• WORK TO BE COMPLETED:
In your copy, repeat each record exactly and include no pictures.

(Entries taken from a collection)
# # #
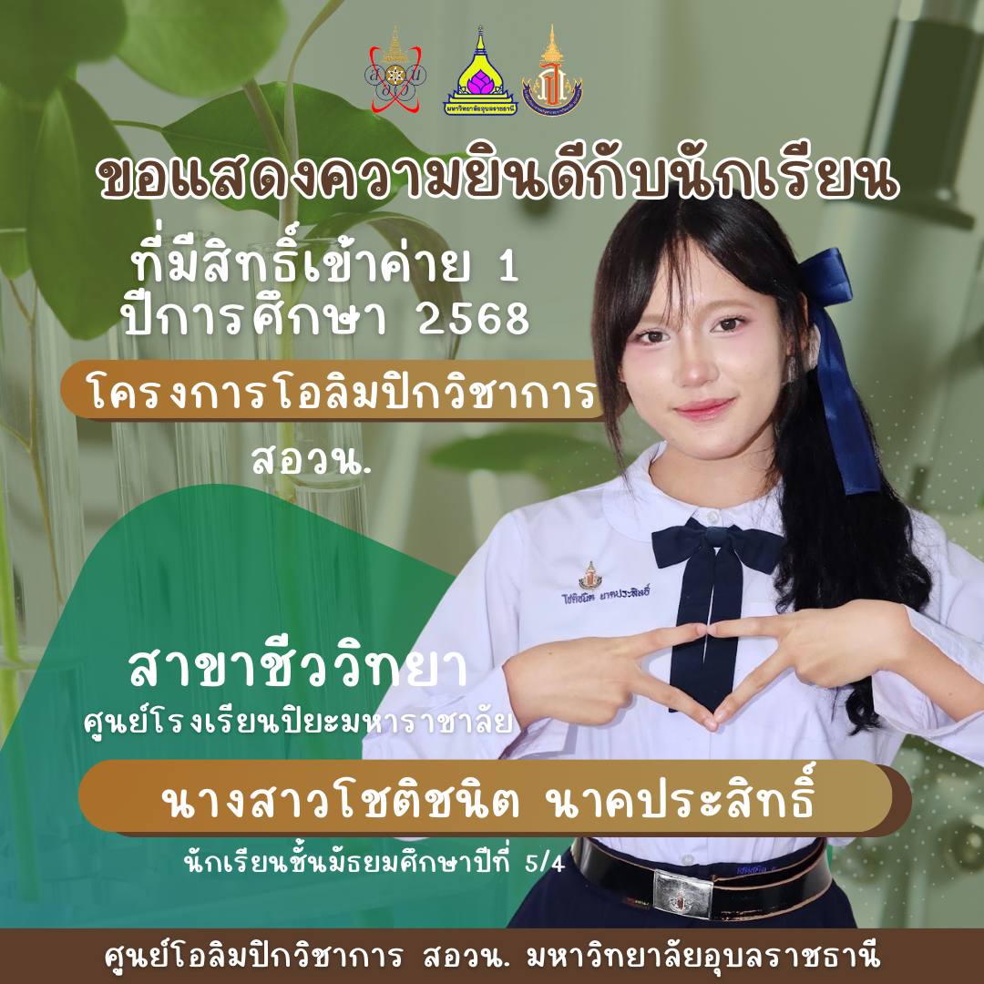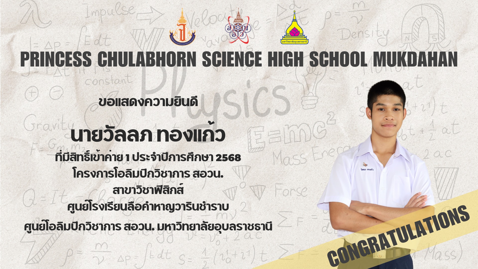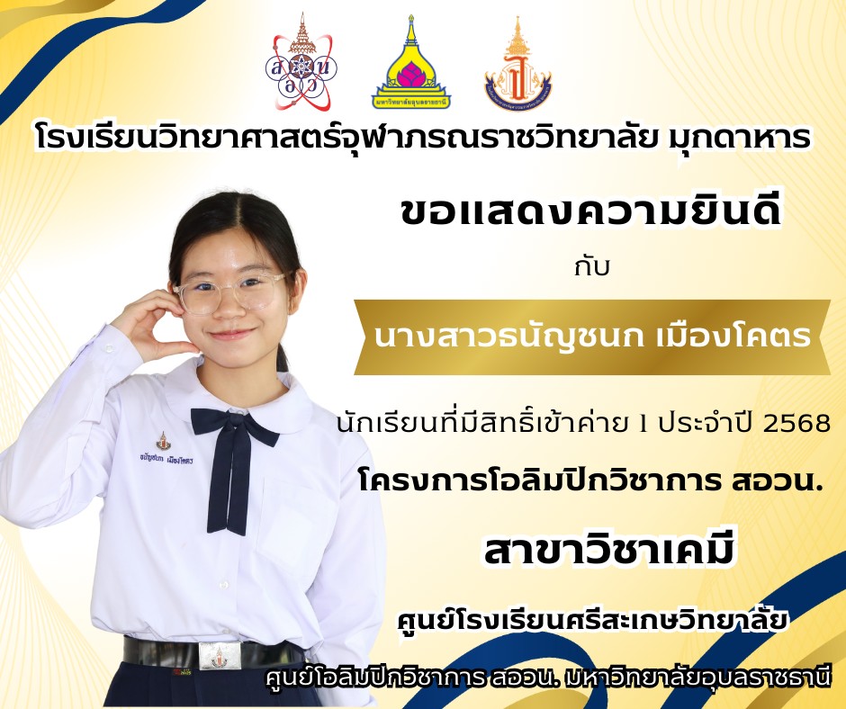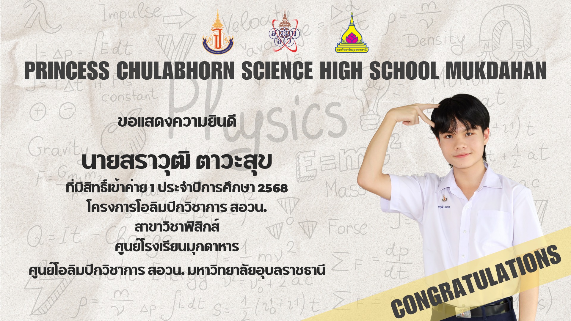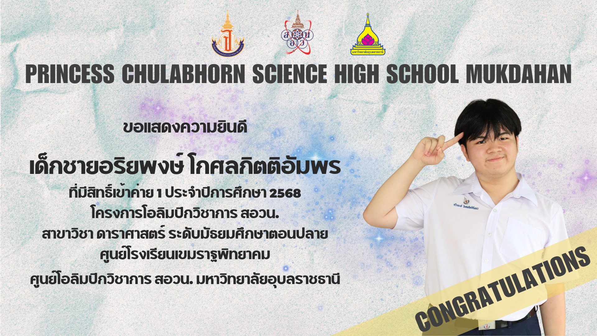 ยินดีกับนักเรียนที่สอบผ่านได้เข้าค่าย 1 โอลิมปิกวิชาการ สอวน.
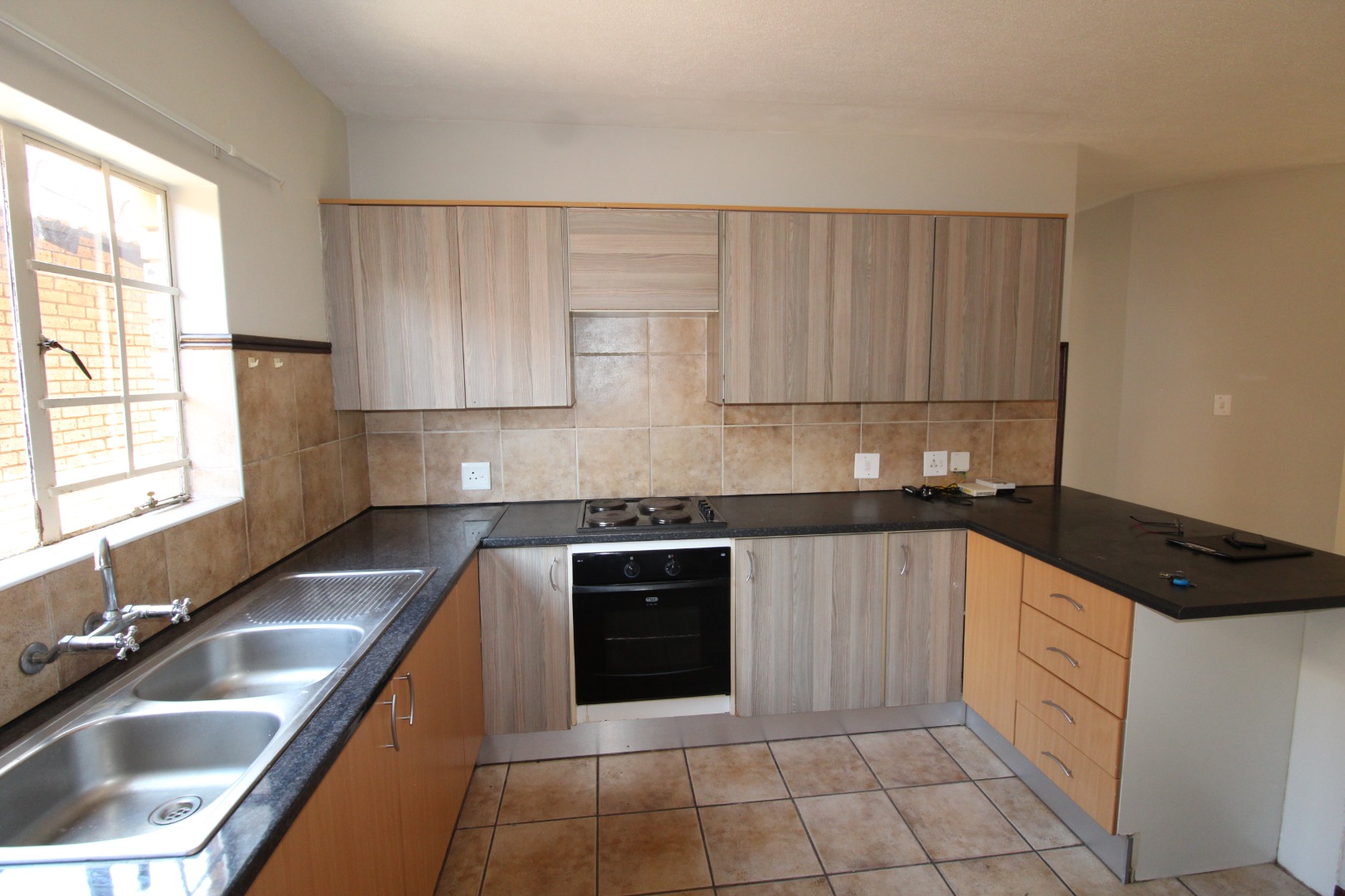 This inviting home boasts a beautifully fitted kitchen, with melamine counter tops, lots of cupboard space, electric stove and space for 2 u/c appliances..
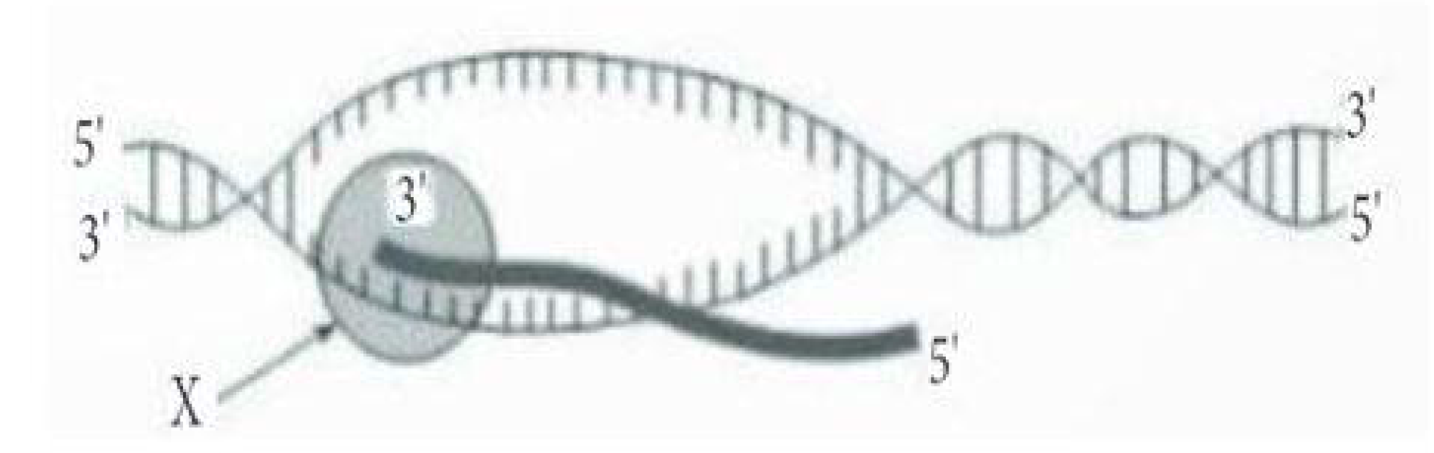Hình vẽ dưới đây mô tả một cơ chế di truyền cấp độ phân tử đang diễn ra. Cấu trúc X trên hình vẽ là
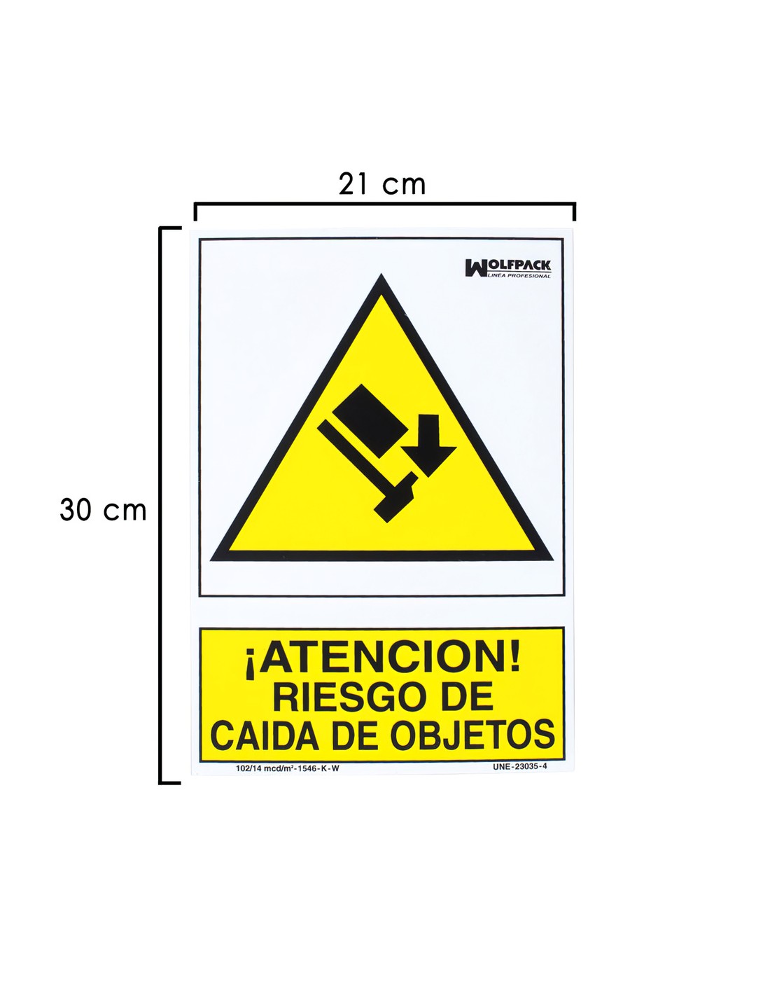 Cartel Riesgo Caida De Objetos. - Medida 30 x 21 cm. - Realizado en plastico. - Apto para interior y exterior. - Articulo también conocido como: carteles, rotulos, señales.
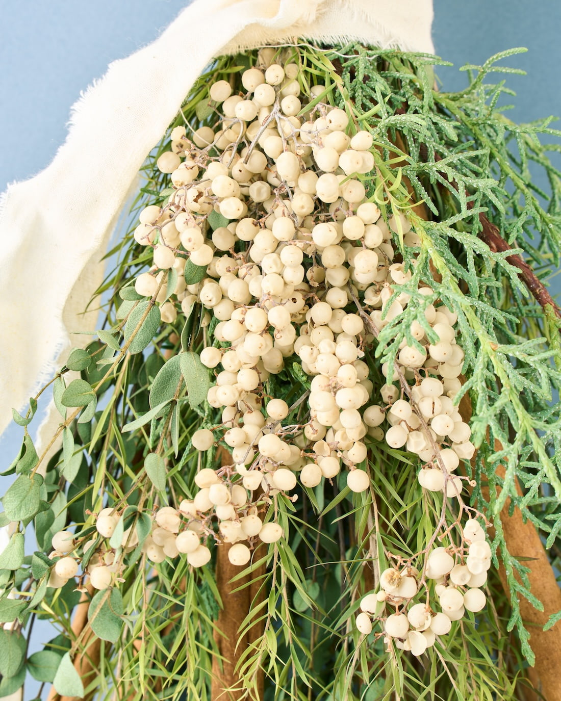 冬の贈りものにぴったりなスワッグ、<スパイシー・ラテ>をご用意しました。
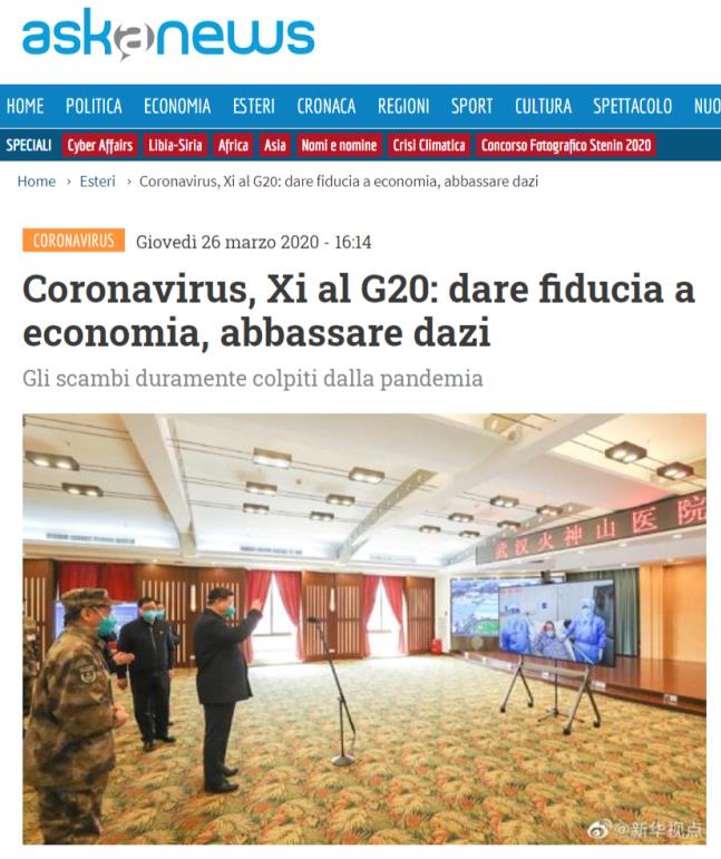 意大利主要新闻网站之一Askanews发表题为《习近平在抗疫G20峰会上讲话 提振经济信心 减免关税》的文章。文章称习近平主席向二十国集团成员呼吁,面对新冠肺炎疫情,各国应降低关税,发出有力信号,提振世界经济复苏士气。
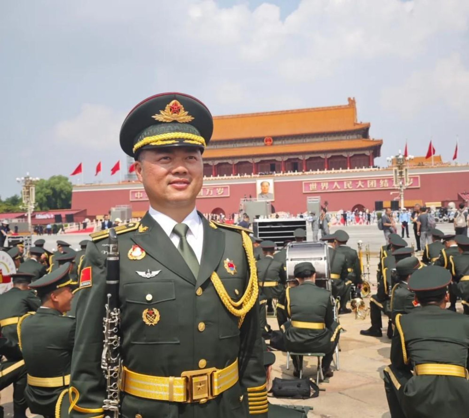 作为联合军乐团单簧管演奏员,系统工程学院某学员大队政治教导员黄忠在天安门前接受了党和人民的检阅。“当自主研发的先进武器装备列阵驶过,民族自豪感油然而生。阅兵现场,我饱含热泪奏响胜利号角,深切体会到祖国的强大。身为中华儿女,我无比自豪;作为中国军人,我更倍感骄傲。武器装备的高科技发展与学校紧密相连,我深知人才培养使命光荣,今后必将加倍努力,为军队培育更多堪当重任的栋梁之才。”
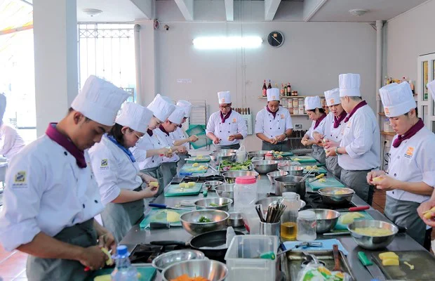 Phòng thực hành là khu bếp 1 chiều mô phỏng giống với thực tế tại các nhà hàng, khách sạn. Điều này giúp học viên không bị bỡ ngỡ, nhanh chóng hòa nhập vào môi trường làm việc sau tốt nghiệp.
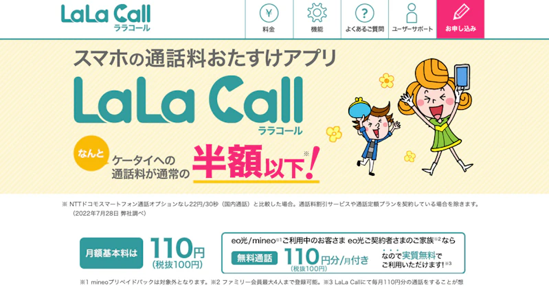 「LaLa Call(ララコール)」は、月額429円〜という低価格で利用できるIP電話アプリです。料金は抑えつつ、必要最低限の機能をそなえています。
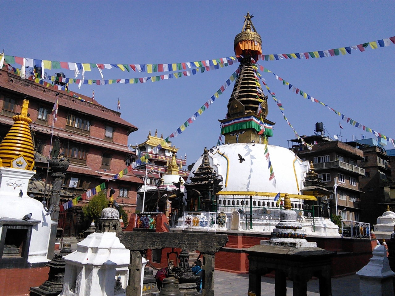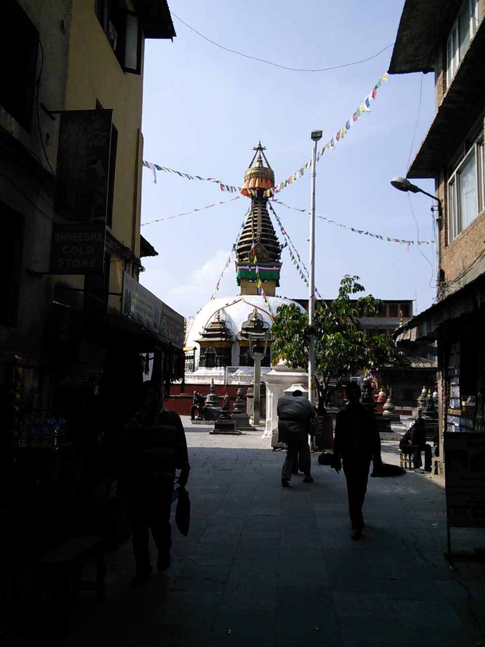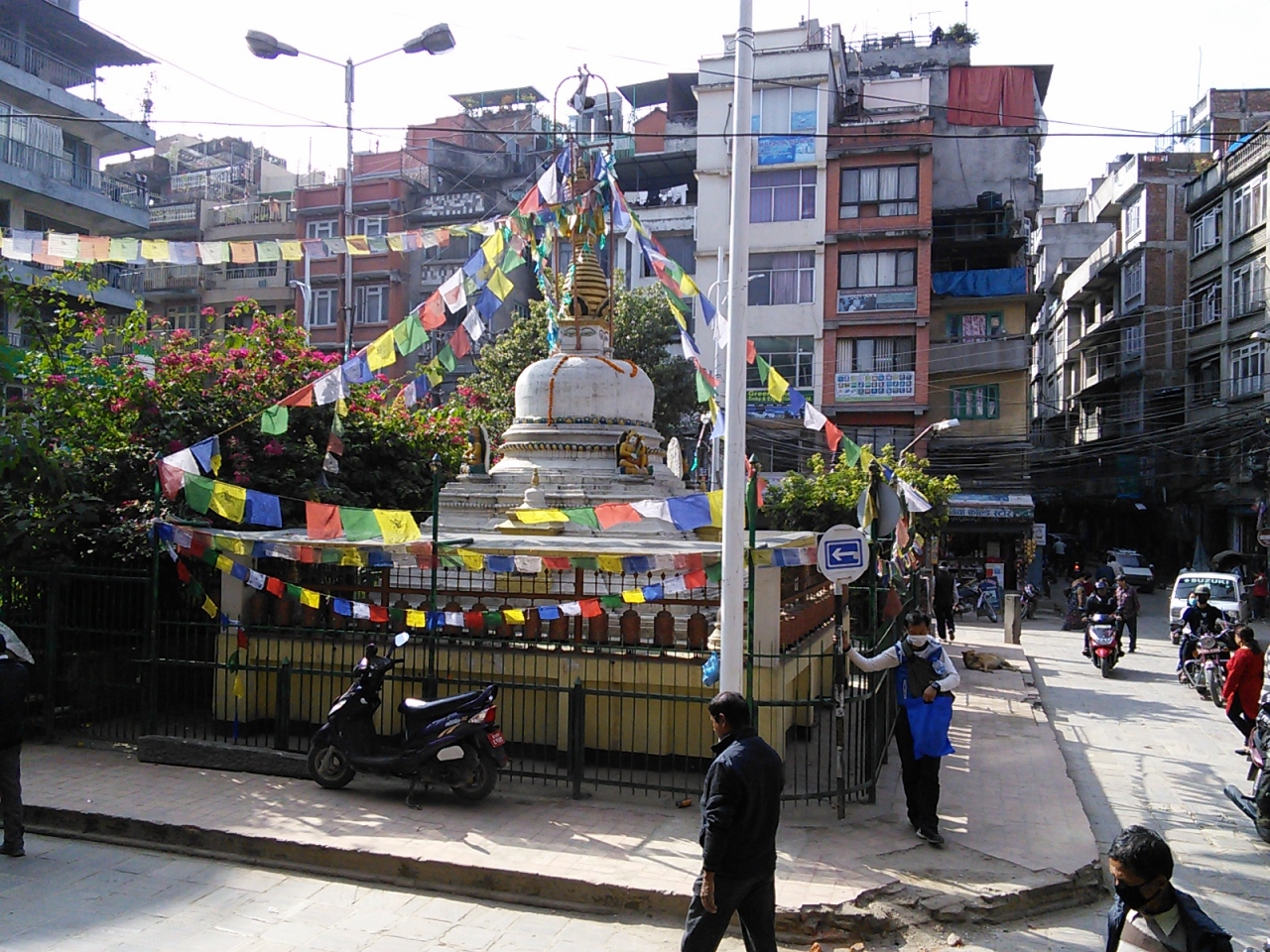 入口は2ヶ所、路地を抜けるとドーンと見えます。ボダナートの小っちゃい版ですが想像以上に大きく広い場所でした。人影はちらほら、ごみごみした旧市街のなかにあってひっそりと静かな空間です。ときどき地元の人がやって来てストゥーパの周りあるマニ車を回しています。- 旅行時期
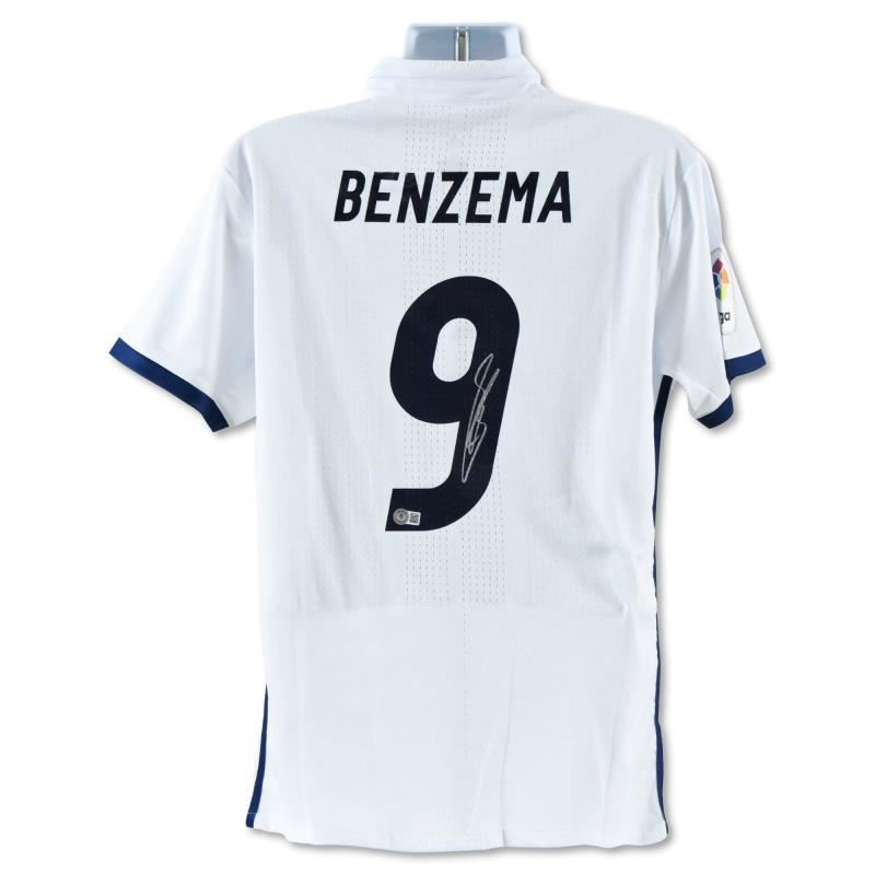 This is a replica Real Madrid 16/17 soccer Jersey autographed by Karim Benzema. This piece is presented with a Certificate of Authenticity from Beckett with a QR code and certification number. Measures approx. 30" x 28" (jersey).
# # #
• SOLUTION FOR THIS PROBLEM:
 ยินดีกับนักเรียนที่สอบผ่านได้เข้าค่าย 1 โอลิมปิกวิชาการ สอวน.
 This inviting home boasts a beautifully fitted kitchen, with melamine counter tops, lots of cupboard space, electric stove and space for 2 u/c appliances..
Hình vẽ dưới đây mô tả một cơ chế di truyền cấp độ phân tử đang diễn ra. Cấu trúc X trên hình vẽ là
 Cartel Riesgo Caida De Objetos. - Medida 30 x 21 cm. - Realizado en plastico. - Apto para interior y exterior. - Articulo también conocido como: carteles, rotulos, señales.
 冬の贈りものにぴったりなスワッグ、<スパイシー・ラテ>をご用意しました。
 意大利主要新闻网站之一Askanews发表题为《习近平在抗疫G20峰会上讲话 提振经济信心 减免关税》的文章。文章称习近平主席向二十国集团成员呼吁,面对新冠肺炎疫情,各国应降低关税,发出有力信号,提振世界经济复苏士气。
 作为联合军乐团单簧管演奏员,系统工程学院某学员大队政治教导员黄忠在天安门前接受了党和人民的检阅。“当自主研发的先进武器装备列阵驶过,民族自豪感油然而生。阅兵现场,我饱含热泪奏响胜利号角,深切体会到祖国的强大。身为中华儿女,我无比自豪;作为中国军人,我更倍感骄傲。武器装备的高科技发展与学校紧密相连,我深知人才培养使命光荣,今后必将加倍努力,为军队培育更多堪当重任的栋梁之才。”
 Phòng thực hành là khu bếp 1 chiều mô phỏng giống với thực tế tại các nhà hàng, khách sạn. Điều này giúp học viên không bị bỡ ngỡ, nhanh chóng hòa nhập vào môi trường làm việc sau tốt nghiệp.
 「LaLa Call(ララコール)」は、月額429円〜という低価格で利用できるIP電話アプリです。料金は抑えつつ、必要最低限の機能をそなえています。
 入口は2ヶ所、路地を抜けるとドーンと見えます。ボダナートの小っちゃい版ですが想像以上に大きく広い場所でした。人影はちらほら、ごみごみした旧市街のなかにあってひっそりと静かな空間です。ときどき地元の人がやって来てストゥーパの周りあるマニ車を回しています。- 旅行時期
 This is a replica Real Madrid 16/17 soccer Jersey autographed by Karim Benzema. This piece is presented with a Certificate of Authenticity from Beckett with a QR code and certification number. Measures approx. 30" x 28" (jersey).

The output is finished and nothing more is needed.